B = np.array(( (0.7, 0, 0.3), (.1, .9, 0), (0, 0.2, .8)))
print('emission probs\n', B)

### Discrete States

In general, the actual observation set not may be a finite set. For our chords, chroma vectors are features in $\mathbb{R}^{12}$ - an infinite set. Some fancier HMMs are _continuous HMMs_ where $B$ is described by _probability density functions_. We use _discrete HMMs_ as follows:

- Create a _codebook_ of finite observations.
- This can be done by hand or can be learned by using a clustering algorithm.
- Create a mapping process between actual observations and the codebook set (a.k.a _quantization_)

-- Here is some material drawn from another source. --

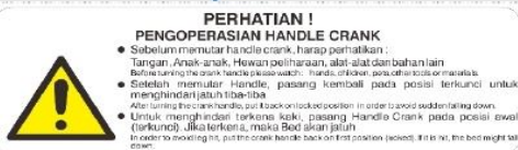
Caution Handle operation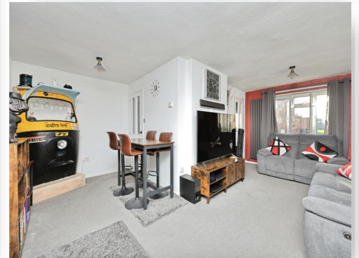
Beech Avenue, Upper Marham, PE33 9NE

## Formal Definition of the Model

- $I$ discrete states:
$$\mathcal{A} = \lbrace \alpha_1, \alpha_2, \dots, \alpha_i \rbrace $$
- $A$ = ($I \times I$) matrix of transition probabilities
- $C$ = length $I$ vector of initial probabilities
- $K$ discrete observations:
$$\mathcal{B} = \lbrace \beta_1, \beta_2, \dots, \beta_k \rbrace$$
- $B$ = ($I \times K$) matrix of emission probabilities

These 5 parameters define the entire HMM:  
$$\Theta = (\mathcal{A}, A, C, \mathcal{B}, B)$$

- $\mathcal{A}$ and $\mathcal{B}$ are fixed.
- $A, C, B$ are free parameters that need to be determined somehow.

## HMM as a generator

Given the HMM mode $\Theta = (\mathcal{A}, A, C, \mathcal{B}, B)$, it is easy enough to generate an observation sequence:

$$O = (o_1, o_2, \dots , o_N)$$

For example, let's create a sequence of 20 observations based on the example model.

In [None]:
S, O = fmp.hmm_generate(C, A, B, 20)
print('states:', S)
print('observ:', O)

## HMM Problem Formulations

Our problem is the reverse. We are given $O$, and need to find the underlying hidden states that "best explain" $O$ given model parameters $\Theta$.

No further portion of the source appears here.